THE PROBLEM = With pictures left out, output exactly the lines from the line holding "Ловкая, подвижная и" through the end of the data, both included.

DATA EXCERPT =
^^^^^^^^^^^^^^^^

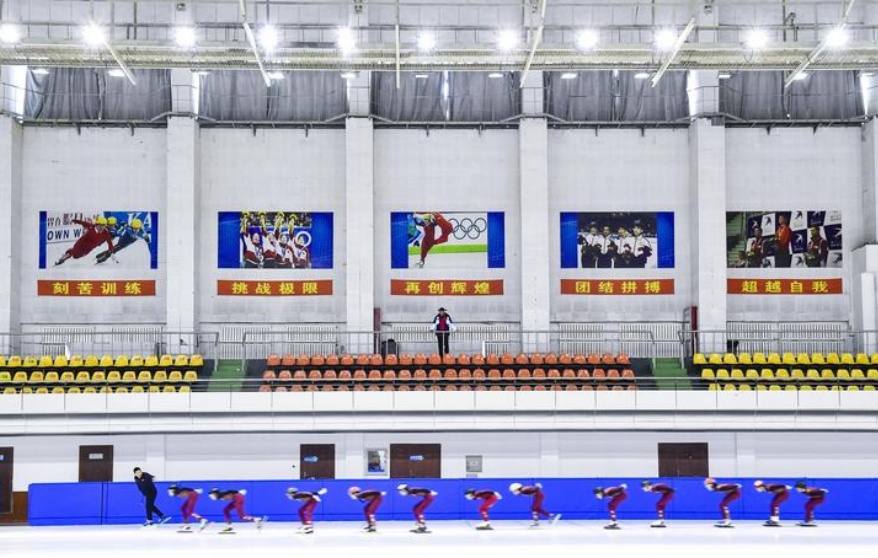 ⻘少年运动员在⻓春市滑冰馆进⾏训练。新华社记者 许畅 摄
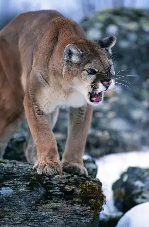 Ловкая, подвижная и гибкая пума отлично лазает по деревьям и путешествует без страха по обрывам, совершая прыжки с высоты 12 - 15 метров. Прыжок пумы настолько красив и впечатляющ, что многие художники-анималисты изображают ее в таком полете.
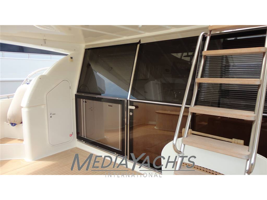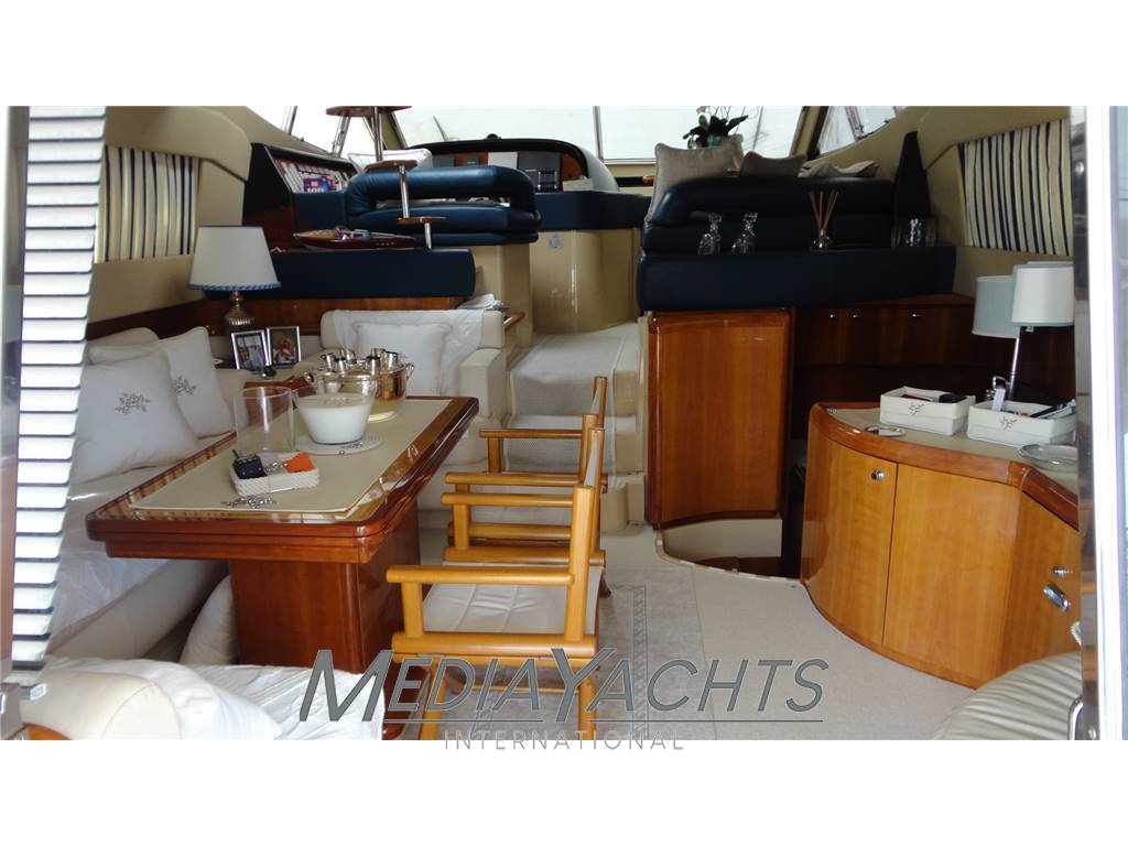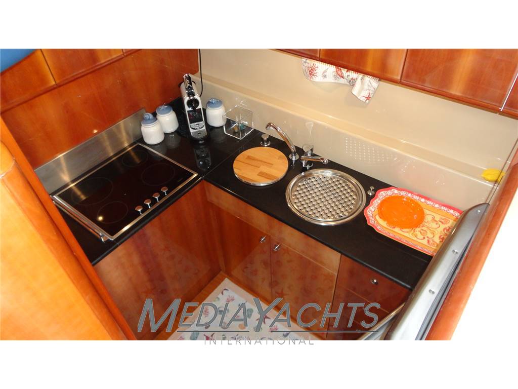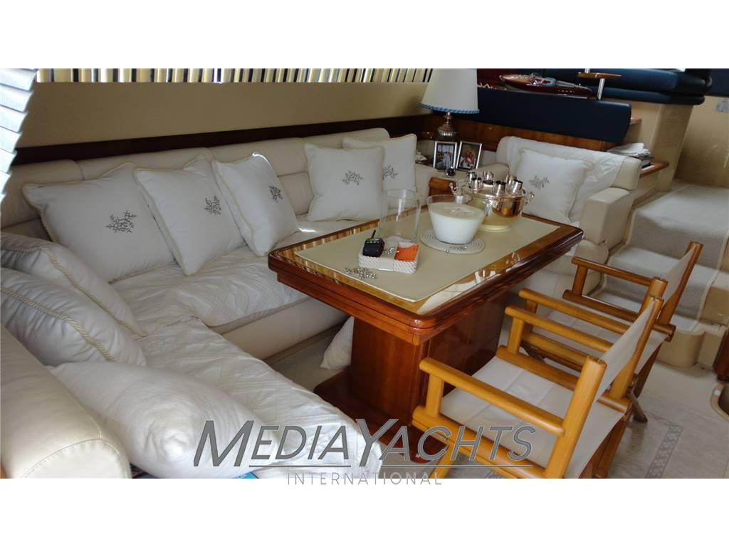 MASTER CABIN AMIDSHIP WITH DOUBLE BED, EN-SUITE BATHROOM WITH SINK, WC AND SHOWER - DOUBLE VIP CABIN IN THE FORWARD WITH DOUBLE BED AND EN-SUITE BATHROOM WITH SINK, WC AND SHOWER - DOUBLE GUEST CABIN WITH TWO TWIN BEDS AND EN-SUITE BATHROOM WITH SINK, WC AND SHOWER - SINGLE CREW CABIN WITH ACCESS FROM THE COCKPIT AND BATHROOM - TECHNICAL ROOM WITH ACCESS FROM THE GALLEY WITH WASHER/DRYER AND BATHROOM - SALOON WITH LEATHER SOFA, RECTANGULAR WOODEN TABLE + 2 CHAIRS AND OPPOSITE CABIN WITH LCD TV AND FRIDGE - ACCESS STAIRCASE TO THE FLY FROM THE SALOON - DINING AREA WITH LEATHER SEATING AND TABLE - GALLEY ON THE LOWER DECK WITH MARBLE TOP, GLASS CERAMIC HOB, FRIDGE, FREEZER, DISHWASHER AND COMBINATION OVEN + MICROWAVE - INTERIOR FURNITURE IN GLOSSY LACQUERED CHERRY WOOD - FLY WITH SOFA AND TABLE IN THE STERN AREA - SUNBATHING AREA WITH CUSHIONS - WET BAR CABINET WITH FRIDGE AND SINK

^^^^^^^^^^^^^^^^

REPLY =
 Ловкая, подвижная и гибкая пума отлично лазает по деревьям и путешествует без страха по обрывам, совершая прыжки с высоты 12 - 15 метров. Прыжок пумы настолько красив и впечатляющ, что многие художники-анималисты изображают ее в таком полете.
 MASTER CABIN AMIDSHIP WITH DOUBLE BED, EN-SUITE BATHROOM WITH SINK, WC AND SHOWER - DOUBLE VIP CABIN IN THE FORWARD WITH DOUBLE BED AND EN-SUITE BATHROOM WITH SINK, WC AND SHOWER - DOUBLE GUEST CABIN WITH TWO TWIN BEDS AND EN-SUITE BATHROOM WITH SINK, WC AND SHOWER - SINGLE CREW CABIN WITH ACCESS FROM THE COCKPIT AND BATHROOM - TECHNICAL ROOM WITH ACCESS FROM THE GALLEY WITH WASHER/DRYER AND BATHROOM - SALOON WITH LEATHER SOFA, RECTANGULAR WOODEN TABLE + 2 CHAIRS AND OPPOSITE CABIN WITH LCD TV AND FRIDGE - ACCESS STAIRCASE TO THE FLY FROM THE SALOON - DINING AREA WITH LEATHER SEATING AND TABLE - GALLEY ON THE LOWER DECK WITH MARBLE TOP, GLASS CERAMIC HOB, FRIDGE, FREEZER, DISHWASHER AND COMBINATION OVEN + MICROWAVE - INTERIOR FURNITURE IN GLOSSY LACQUERED CHERRY WOOD - FLY WITH SOFA AND TABLE IN THE STERN AREA - SUNBATHING AREA WITH CUSHIONS - WET BAR CABINET WITH FRIDGE AND SINK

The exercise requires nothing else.